VISTECH - SRM hackathon project
Commits combined to remove extra data
'AI Tech for the Visually Impaired'
The problem Vistech solves:
Limited Environmental Awareness: Visually impaired individuals often struggle to perceive and understand their surroundings, leading to a lack of awareness about objects, people, and potential obstacles in their path. Our app's environment description features provide real-time information about the environment, allowing users to better navigate and interact with their surroundings.
Difficulty in Object Identification: Identifying objects without visual cues can be challenging for visually impaired individuals. Our app's object detection and tracking capabilities enable users to recognize and locate objects of interest, empowering them to interact with their environment more effectively.
Navigation Challenges: Moving through unfamiliar or complex environments can be daunting for visually impaired individuals. The path navigation feature in our app offers step-by-step instructions and audio cues, helping users navigate safely and independently, reducing the risk of accidents or getting lost.
Social Interaction Barriers: Recognizing familiar faces and understanding non-verbal cues are essential for meaningful social interactions. The app's face detection and facial inference features assist visually impaired individuals in identifying people they know and understanding their emotions, age, gender, and other attributes, facilitating improved social connections and communication.
Challenges we ran into:
Path Navigation Algorithm: Designing an accurate and reliable path navigation algorithm for visually impaired users was a complex task. We needed to ensure that the algorithm provided step-by-step instructions and audio cues to guide users safely. Overcoming this challenge involved testing various path navigation algorithms, like dijkstra's algorithm, A Star algorithm, etc. We finally settled with the A* algorithm with a custom heuristic function for maintaining a minimum distance between obstacles and the path.

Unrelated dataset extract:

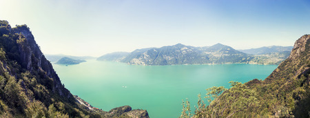 panoramic view into the mountains on a boat cruise on lake lucerne end of spring switzerland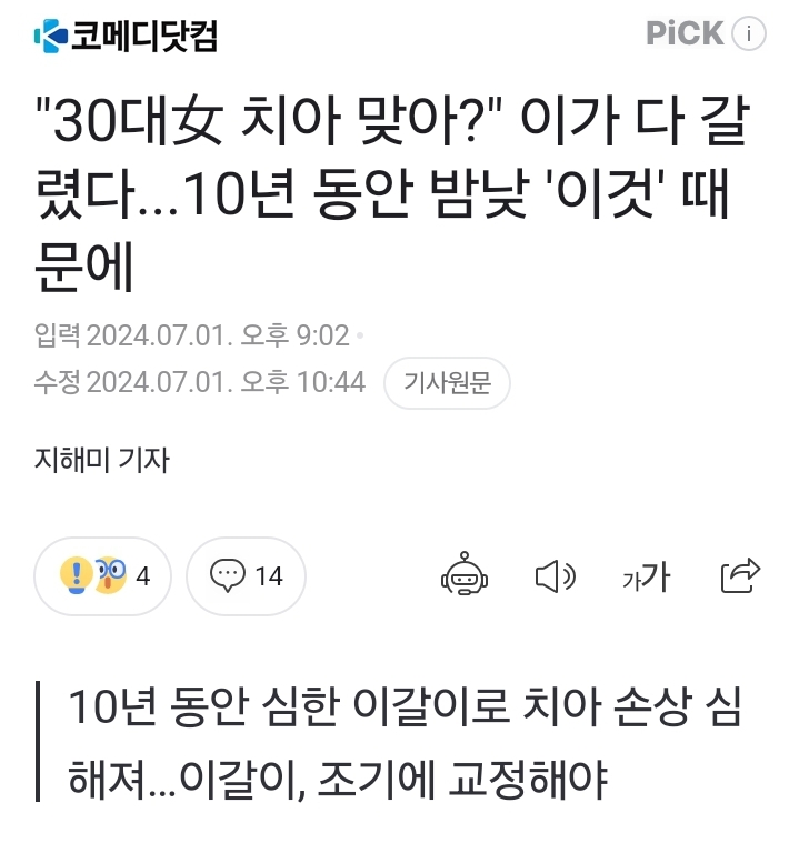 "30대女 치아 맞아?" 이가 다 갈렸다...10년 동안 밤낮 '이것' 때문에

Monocular Depth Map Estimation Accuracy and Processing Speed: Accurate depth estimation from a single camera feed (monocular depth estimation) was crucial for the path navigation feature as we didn't want to use specialized hardware in a product for disadvantaged people. However, achieving high accuracy while maintaining real-time processing speed was a challenging trade-off. We explored various computer vision techniques, optimized algorithms, and utilized parallel processing to improve both accuracy and speed. We settled on a custom implementation of the MIDAS algorithm
Tracking and loss of Tracking Detection: We had to test many tracking algorithms but landed on CV2's KCF tracker for a good balance between speed and accuracy. We encountered challenges when the tracking algorithm lost track of objects due to occlusion, rapid movements, or changes in lighting conditions. To address this, we developed mechanisms to detect and recover from tracking loss. Whenever a track loss is detected, the algorithm switches back to object detection and locates the object of interest and re-establishes a track on it.